You don’t want a conventional steamer to make Ukadiche Modak or Thengai Pooranam Kozhukattai at residence. A simple methodology is to make use of a big pot. Merely add about 2 cups of water and produce it to a boil. Place a trivet or stand contained in the pot and set a metal or heatproof plate on prime. Prepare the formed modaks on the plate, ensuring they don’t contact one another, then cowl the pot with a tight-fitting lid and steam for about 10 minutes till they appear shiny and are cooked via.
When you don’t need to steam, you may also fry the modaks utilizing an entire wheat flour overlaying.
One other different is to bake the Kozhukattai. Put together the modak recipe as talked about right here – coconut-jaggery stuffing and the rice flour dough as standard, form the modaks, then flippantly spray them with cooking oil or brush them with milk for a golden end. Preheat your oven to 350°F (180°C) and bake for about 20–25 minutes, or till they flip golden brown. Baking or frying is a good way to take pleasure in this festive candy even should you don’t have a steamer available! When baked, these modaks flip barely crisp exterior, like a stuffed pastry — scrumptious with a cup of chai!

Can You Fry Candy Kozhukattai?

Sure! Fried modaks are made utilizing a unique dough—usually entire wheat flour is used for the outer overlaying. The modaks are filled with the candy coconut-jaggery filling after which both shallow or deep-fried till golden and crisp. That is the standard Maharashtrian manner of creating fried modak, and it occurs to be my favourite!
I grew up having fun with these scrumptious fried modaks, because of my Maharashtrian neighbors who launched me to this pleasant variation. Some even take it a step additional by steaming the modaks first earlier than frying, which provides an additional layer of softness inside.

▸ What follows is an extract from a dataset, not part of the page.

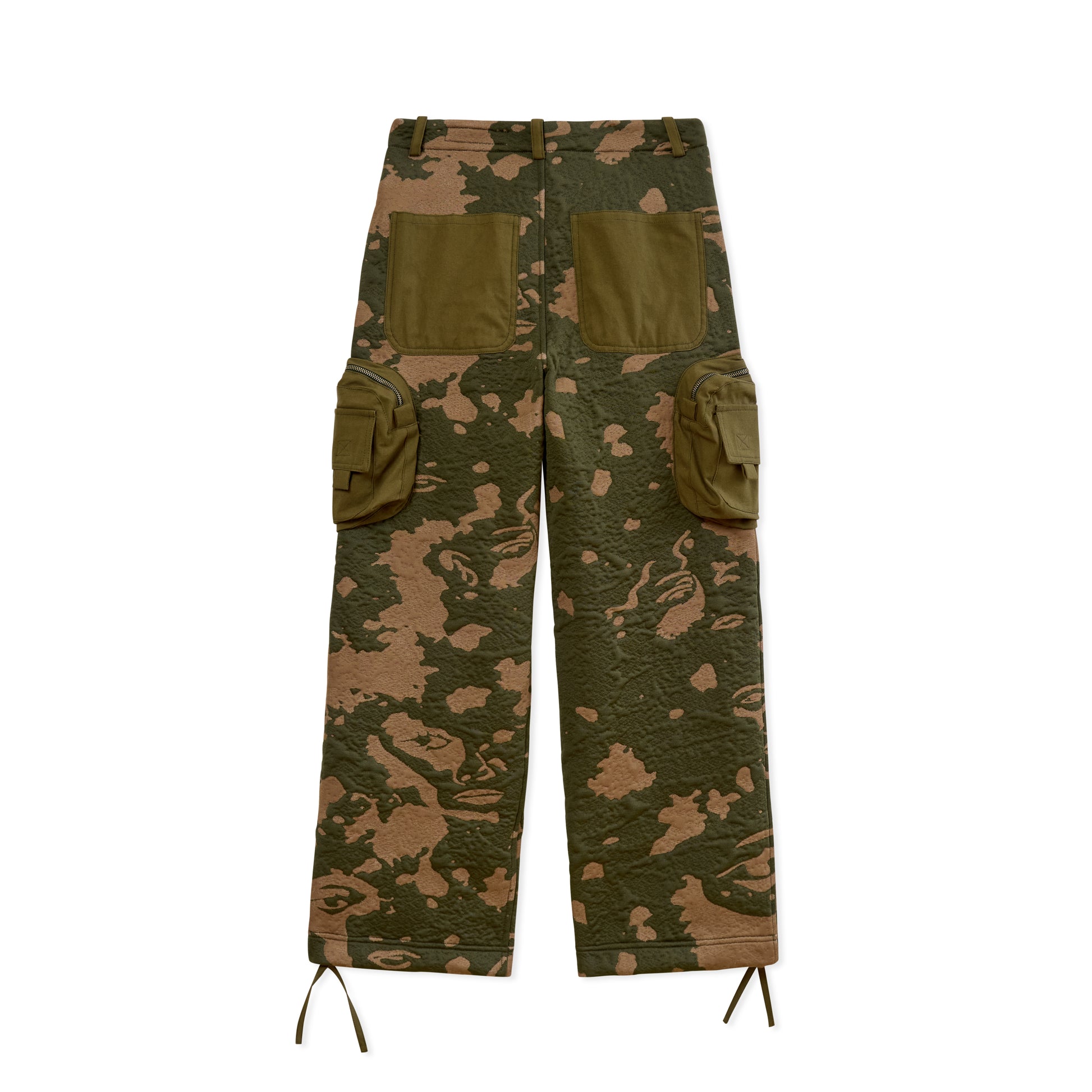 Made from 3D knit fabric developed from recycled fibers and textile structures, the 3D Knit Cargo Pants feature a straight-cut cargo style, full-bodied construction, and a camouflage pattern integrated into the fabric itself, composed of classic faces designed by Colm Dillane.
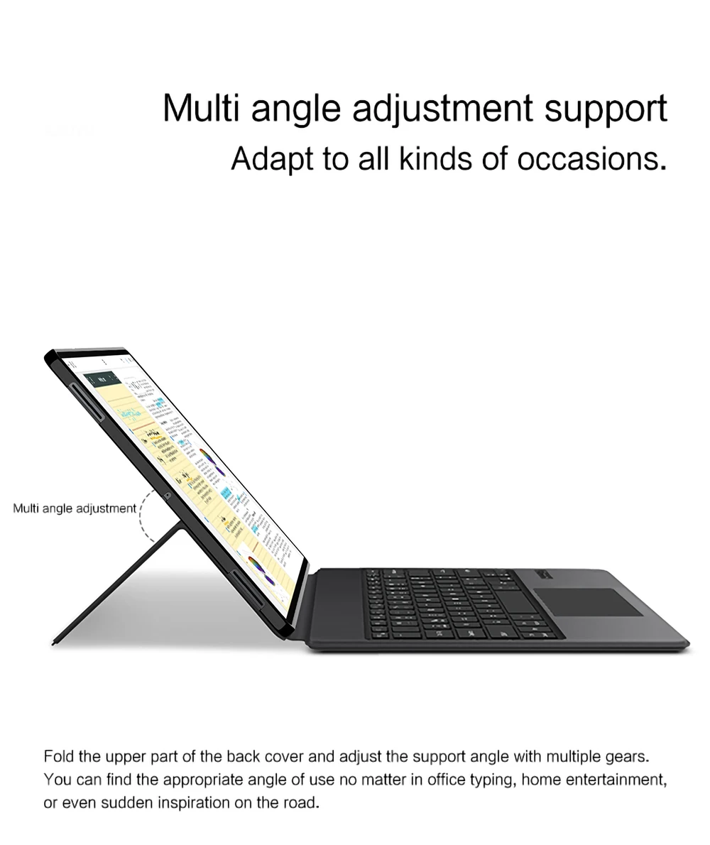 Un producto, usos dobles, cuando está desplegado, es un teclado para tableta y, cuando está cerrado, es una funda protectora que le permite satisfacer las necesidades de más escenarios.

How To Retailer Leftover Kozhukattai?

The coconut-jaggery stuffing (Thengai Pooranam) might be ready a day prematurely and saved within the fridge. Nevertheless, should you’re making modaks for pooja or as prasadam, it’s at all times finest to organize every part recent.
Leftover rice flour maavu might be repurposed to make Ammini Kozhukattai and even changed into savory modaks utilizing an urad dal pooranam filling. Leftover Thengai Pooranam may also be used creatively to make Puranpoli and even layered into Baklava for a fusion twist.
Leftover steamed Kozhukattai might be saved at room temperature in an hermetic container for as much as a day. After that, retailer them within the fridge in an hermetic container for 3–4 days. When able to take pleasure in, reheat the Ukadiche Modak within the microwave for 1–2 minutes till tender.
It’s finest to not freeze steamed modaks, as they could turn into dry or chewy as soon as thawed.